In step 840, when it is determined that cooking is in progress, the automatic cooking apparatus 100 selectively irradiates light of a wavelength band used to obtain predefined sensing information according to the progress of the cooking process of the food material to determine the cooking state or the cooking completion time of the food ingredient. can be estimated The automatic cooking apparatus 100 detects a cooking state of a food ingredient based on the characteristic information of the ingredient, and determines at least one of a cooking method, a cooking time, and a cooking temperature based on the identified cooking state, thereby performing a cooking process of the ingredient. can be controlled The automatic cooking apparatus 100 operates a heating mechanism capable of heating a specific part or part when there is a part or part that requires further partial heating or additional heating based on the cooking state of each part or each part of the food material. can For example, when a specific part of a food ingredient has a lower cooked level compared to other parts, the specific part of the ingredient may be partially heated using microwave waves, light waves, high frequency waves, or the like. In addition, when it is desired to cook the food material faster as a whole, the food material may be cooked by further using an additional heating means together with the main heating means.

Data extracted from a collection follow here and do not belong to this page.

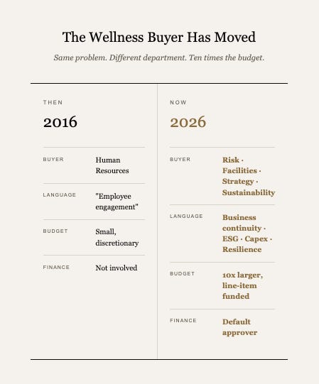 Ten years ago the wellness buyer was HR and “employee engagement” was the vocabulary. The budget was small, and nobody on the finance side cared.
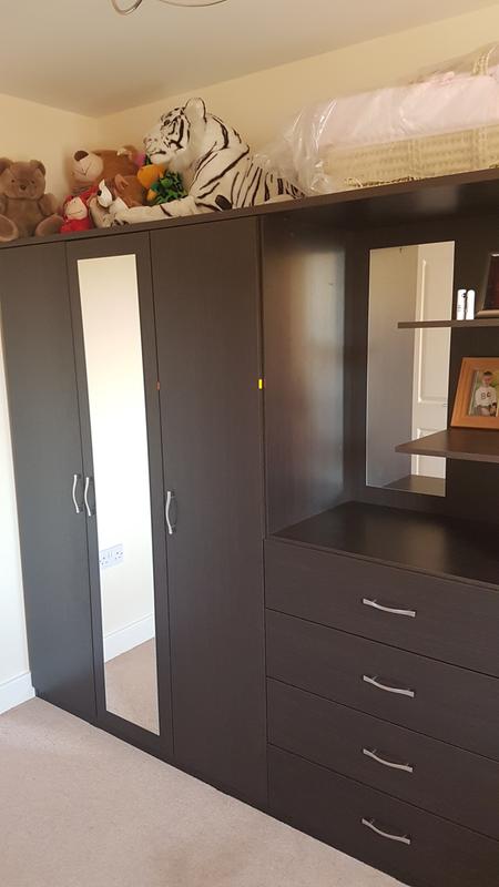 Peru 3 door 4 drawer mirrored combi wardrobe a great value for money combination of a 3 door wardrobe with full length mirror a chest of 4 drawers and a twin shelf module complete with vanity mirror.
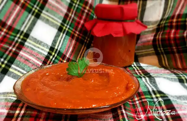 Морковите и чушките се почистват, нарязват се на едро и се изсипват в голяма дълбока тава. Към тях се прибавят доматите и патладжаните. Добавят се захарата, солта, олиото и оцета.
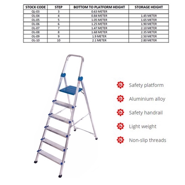 [SG SHOP SELLER] LADDERMENN "Queen" Family Domestic Heavy Duty Aluminium Step Ladder Available (4 to 10 Steps Ladder)

On the other hand, when the automatic cooking apparatus 100 determines that it is necessary to correct the initially set cooking method, cooking time, cooking temperature, etc. according to the optimal recipe based on the current cooking state of the ingredients, the set value of the item to be corrected You can add new ones, change them, or keep them.

When the automatic cooking apparatus 100 is capable of measuring the volume of the food material, the automatic cooking apparatus 100 may more accurately determine the amount of the food material based on the characteristic information of the food ingredient and the volume change information between the volume of the ingredient before cooking and the volume due to heating. By understanding the cooking state, it is possible to control the cooking process of the ingredients.

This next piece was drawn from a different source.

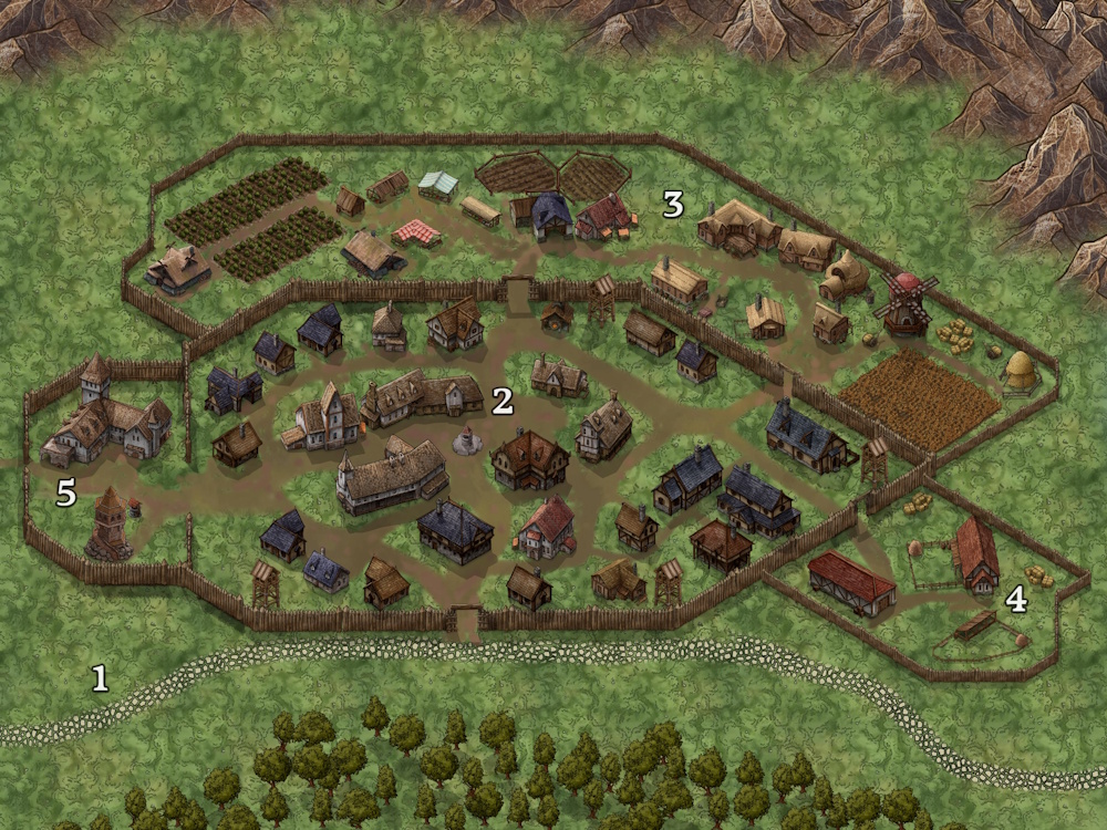 Efferdwärts des Dorfes befindet sich das kleine Gutshaus des Ritters, welches sowohl durch eine eigene Holzpalisade, als auch einem eigenen Wehrturm eine solide Befestigung bildet. Der Drakturm (5) ist mit seinen über zwanzig Schritt das höchste Gebäude des kleinen Dorfes.

When the automatic cooking apparatus 100 further acquires the temperature information and the composition information inside the food material by using a probe that acquires the temperature information and the composition information inside the food material, the automatic cooking apparatus 100 may Based on the internal temperature information and configuration information, it is possible to more accurately determine the cooking state of the food material, thereby controlling the cooking process of the food material. In this case, the automatic cooking apparatus 100 may recognize the position of the probe through the photographing unit 120 and inform the user to correct the position of the probe. The automatic cooking apparatus 100 may acquire temperature information and configuration information inside the food material at the corrected position of the probe. The automatic cooking apparatus 100 more accurately grasps and learns the cooking state of the current food material based on the temperature information and composition information of the food material obtained using the probe and the characteristic information of the food material obtained through spectral characteristic analysis, The current cooking process may be controlled or may be reflected in future cooking process control.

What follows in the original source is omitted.